Create a Spotify Developer App
This project requires access to Spotify's API to retrieve accurate song data. Navigate to the Spotify for Developers website and log in with your Spotify account.
- Click on "Create app"
- Note your "Client ID" and "Client secret". These will be used later during setup.
- Customize your app name and description
- Add a redirect URI (http://127.0.0.1:8000/callback). You can use the previous link for yours as well.
- When prompted to choose an API/SDK, choose Web API.
- Save your app.
Installing Libraries
This project uses many libraries to function, and we will install them now.
- First, update your software by running sudo apt update
- Install the necessary libraries with this command: sudo apt install python3-pygame python3-pil python3-numpy python3-requests python3-alsaaudio
- Lastly, install spotipy with pip3 install spotipy
Creating the Dashboard
- Within your terminal, run the command mkdir ~/spotify-dashboard to create the directory.
- Navigate to this folder with the cd ~/spotify-dashboard command.
- Create a config file with the command nano config.py. Within this file, you will define your client ID, client secret, redirect URI, and device name. (You can name your device whatever you would like!)
Importing Libraries
We will create our code file by running the nano dashboard.py command.

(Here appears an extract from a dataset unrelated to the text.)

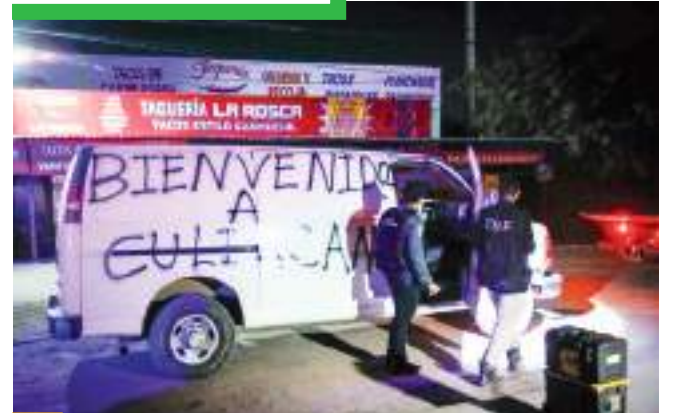
Con Culiacán como el epicentro de la batalla intestina del cartel de Sinaloa, los homicidios y levantones siguen incrementando sus cifras, en contraste con los datos de la SSPC.

- Within the dashboard.py file, we will begin the code by importing the libraries the dashboard will use.
Spotify Authorization
Next, we will configure Spotipy to authorize our client ID, secret and URI from the Spotify for Developers site.
Configuring Pygame
The next few steps of the code will address Pygame, which creates the window our dashboard will run in. This code creates the window and defines its' title, resolution, font and font size.
Defining the Buttons
This step will define the size and shape of the control buttons for our dashboard.
Album Art Loader
To retrieve the album art, we will define a function to take the data from the Spotify URL. The size can be changed depending on your display, but this will fit as it is defined.
Creating a Progress Bar
To create our progress bar, Pygame takes the data from Spotify to define where the song starts, ends, and pauses. We will create a function to draw the progress bar onscreen.
Spotify Helpers
This step will address the actual Spotify control within the dashboard. This code creates functions to retrieve playback data, detect volume changes, and it tells the onscreen buttons what to do.
Drawing the Buttons
This step will actually draw our control buttons onscreen, and label them with their corresponding function. The labels can be customized as long as they fit within the box it sits in.
Main Loop
The final step in the code is creating the while loop that will draw our dashboard completely. It will open our Pygame window, retrieve playback data, display our album art, artist name, progress bar and control buttons.
Opening the Dashboard
- Save your changes with CTRL+O and close GNU nano with CTRL+X.
- Open a new terminal window and run the command cd ~/spotify-dashboard.
- Open the virtual environment with source venv/bin/activate.
- Start the dashboard script with python3 dashboard.py.
- Your dashboard should now be open! The window will be blank (seen above) until music is playing.
- Once music plays, you are all set!